My life has been a miserable for six years,I have to children that I need to take care ,but I am very tired ,sleepy,not in good mood,when I see how much swollen are my lips face,and seen my self many times in emergency and again ,again with no hope.
They are so many doctors studying ,inventing,we are donating many for many inventions but nothing has been find ,no cure,people are suffering for decades with urticaria and no hope,they must find something.
mimoza35751
Posted
Hi,there,I read your story,and is true everything you said it looks like I wrote it myself.I have been suffering for six years ,and no cure,but one think that I believe may be the cause of hives in us it is anxiety depression sufferers myself I suffered from anxiety after giving birth to my daughter 6 years ago,and hives started now from this condition I suffered from depression ,because only one I think. I will wake up tomorrow again with the same story ,I go nuts I don't feel like doing nothing if I can't help myself.One thing that lately came in my mind is ,I will have to try putting leeches in my feet,is not easy ,but what is left?I remember when I was little my grandma used to dò leeches therapy every year,and she died 100 hundred years old.In my country which is somewhere in Balkan,they believe that those little worms suck our toxic blood only.I must do it hope it will help.Wish you all the best and hope you would like my suggestions.
cindy09985 gracIe53
Posted
One day, I sat down to think about my life and was scared it could be life threatening for me. And then I remembered the creator of the universe. The one who create the blood and water, the one who formed us in his own image, the king of all kings, the alpha and omega, the one that knows the beginning from the end. And so the spoke with my creator to take away this hives and asked for forgiveness of sin. I prayed into water that he should turn the water to the blood of Jesus and I drank it with faith. I did that for two to three days and so my healing began. Like joke the itching reduced, redness and swollen reduced gradually and here I got healed permanently.

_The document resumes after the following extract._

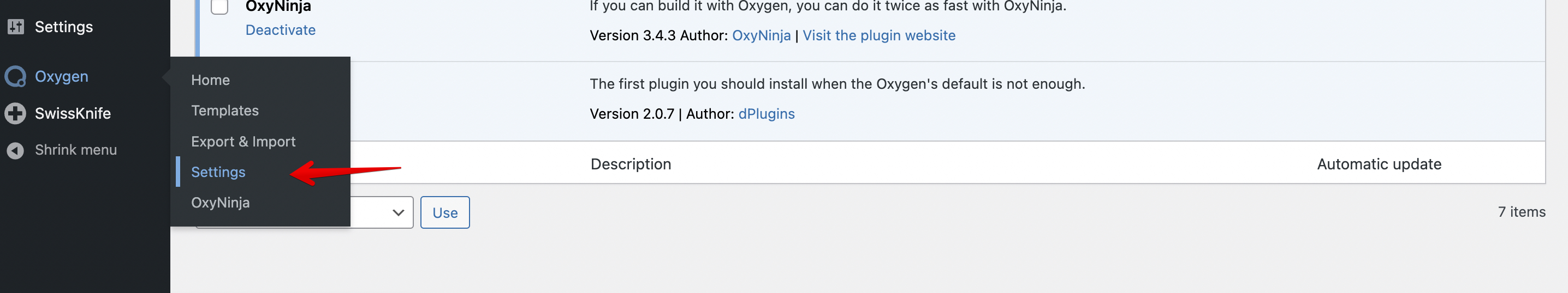 - Locate Oxygen from the admin menu options in your WordPress dashboard. From there, select the “Settings” option
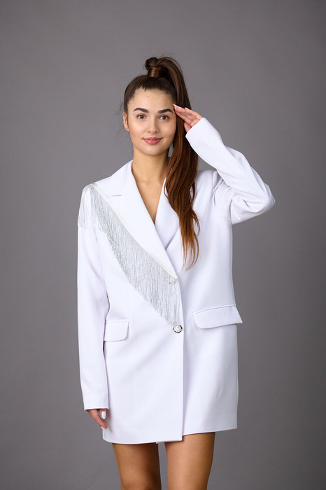 Представляем жакет женский из костюмной ткани на подкладке, который станет  незаменимым спутником в вашей жизни. Лаконичный прямой силуэт жакета с двубортной застежкой прекрасно сочетается с бахромой по лацкану, переходящей на плечо и спинку. По переду- прорезные карманы с клапанами.  Воротник-с отложными лацканами пиджачного типа. Рукава двухшовные, длинные. Жакет можно носить в  сочетании с платьями- комбинациями, юбками, брюками. Позвольте себе быть разной: дерзкой, нежной и невероятно стильной с нашим жакетом!  Длина жакета 44-48р - 82см , 50-54р- 84см

I got healed I thank God. For you to enjoy the benefits of healing. You have got to re- trace your step to the maker. Jesus Christ. He alone can heal completely because he is the creator. I beg you that is reading my story. Kindly accept Jesus as your lord and Savour. This are end times. All sought of things are happening everywhere. Making heaven is imperative so as not to go to hell. Everything the Bible talked about the end time are happening.
Jesus loves you and came to die just that you and I may be saved and inherent eternal life. A simple prayer as lord Jesus I know I am a sinner, by your mercy kindly forgive me, I accept you as my lord and Savour with my heart and my mouth I confess you are lord over my life.
It that simple. God bless you as you make the right decision today.